A plan for Triton Partners to buy Thomas Cook's Nordic operations was still under discussion on Saturday, as was a proposal to keep its airlines in the UK, Germany and northern Europe out of administration while letting its British tour operating arm fail.
However, one insider suggested that neither was likely to be viable.
A separate discussion between the company and CQS Management, the hedge fund, to provide a chunk of the £200m additional funding has also been aborted in the last fortnight.
There remained, however, a glimmer of hope that the government's likely refusal to provide direct funding to keep Thomas Cook afloat could yet prompt creditors to find a solution of their own.
Thomas Cook's syndicate of more than a dozen bank lenders has been criticised by unnamed sources for demanding the additional £200m of standby funding to see the company through tough winter trading – a demand revealed by Sky News last week.
People close to the situation have said, though, that blaming Royal Bank of Scotland, one of the biggest lenders to Thomas Cook, was "a ludicrous position" given the travel group's frequent revision of its future financing needs during the last six months.
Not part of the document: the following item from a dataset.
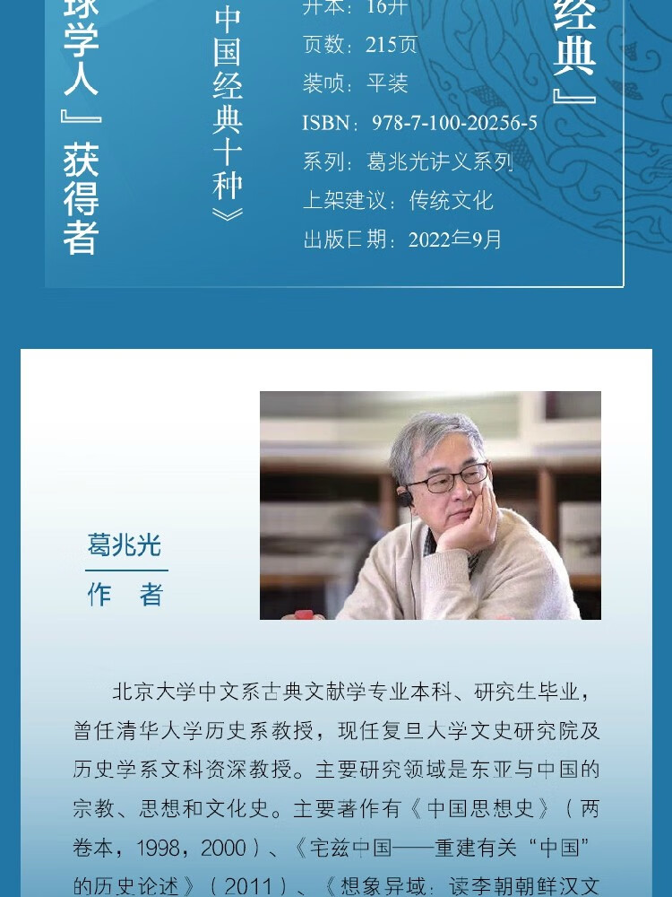 “葛兆光讲义系列”为葛兆光先生从教以来给学生们开授多门课程的讲义结集,均历其十多年之反复修订,其中既有关于古代中国文化的地图、古代中国的经典,征引广博,不同于掇拾浮华;亦有关于学术研究的方法和思考,研思深厚,尤其有裨益于后学。此系列可为读者之锁钥,使其在习得传统文化知识时,亦可一窥学术研究之门径。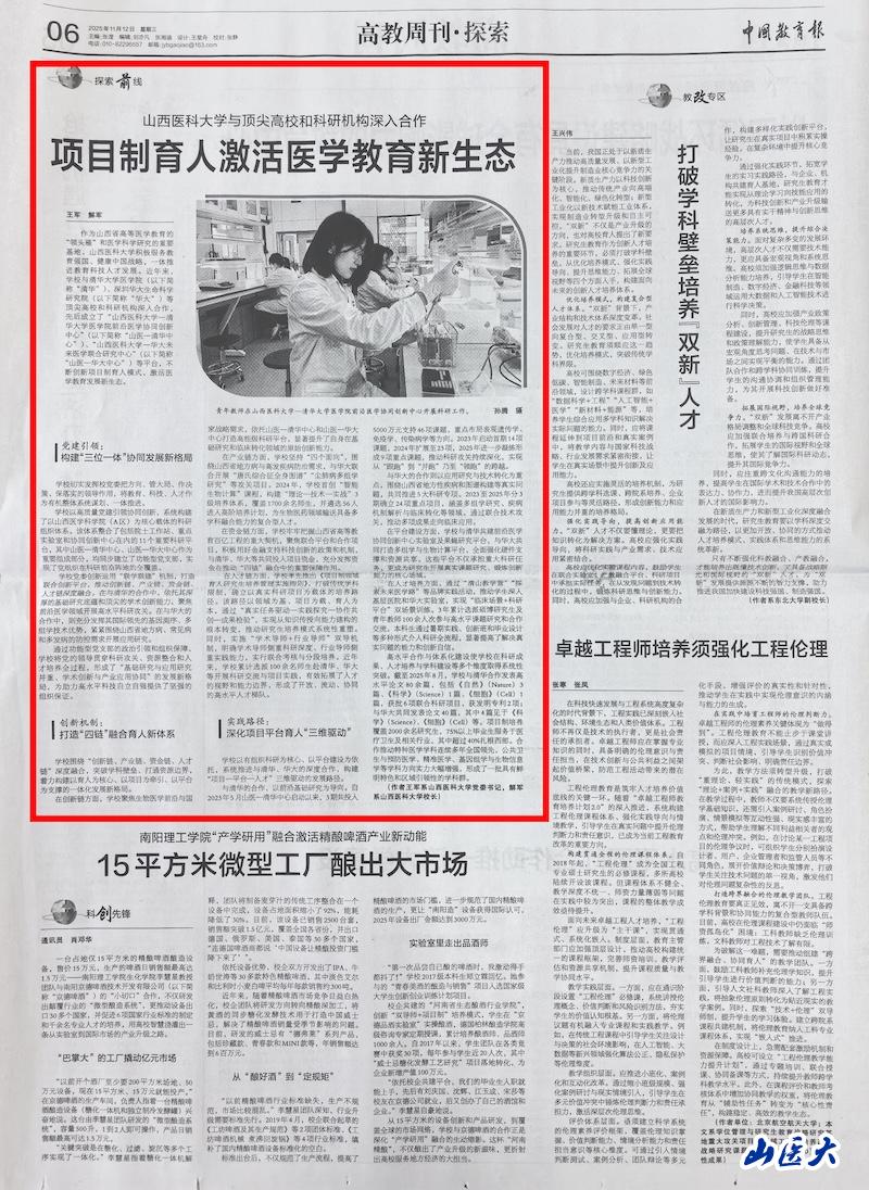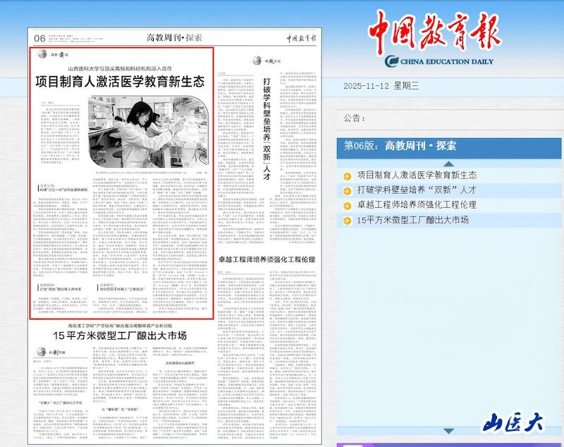 11月12日,《中国教育报》在第6版头条刊发了万象城党委书记王军、校长解军的署名文章《项目制育人激活医学教育新生态》。

A request for emergency government funding was made by Thomas Cook earlier this week, with executives arguing that the cost to taxpayers would be dwarfed by the bill incurred by the repatriation.
One insider described the widely reported £600m tab, however, as being "a gross overestimate of the cost to taxpayers".
Sky News revealed on Thursday that Thomas Cook, which was founded in 1841, was expected to crash into administration as soon as Sunday night unless the missing £200m funding gap could be filled.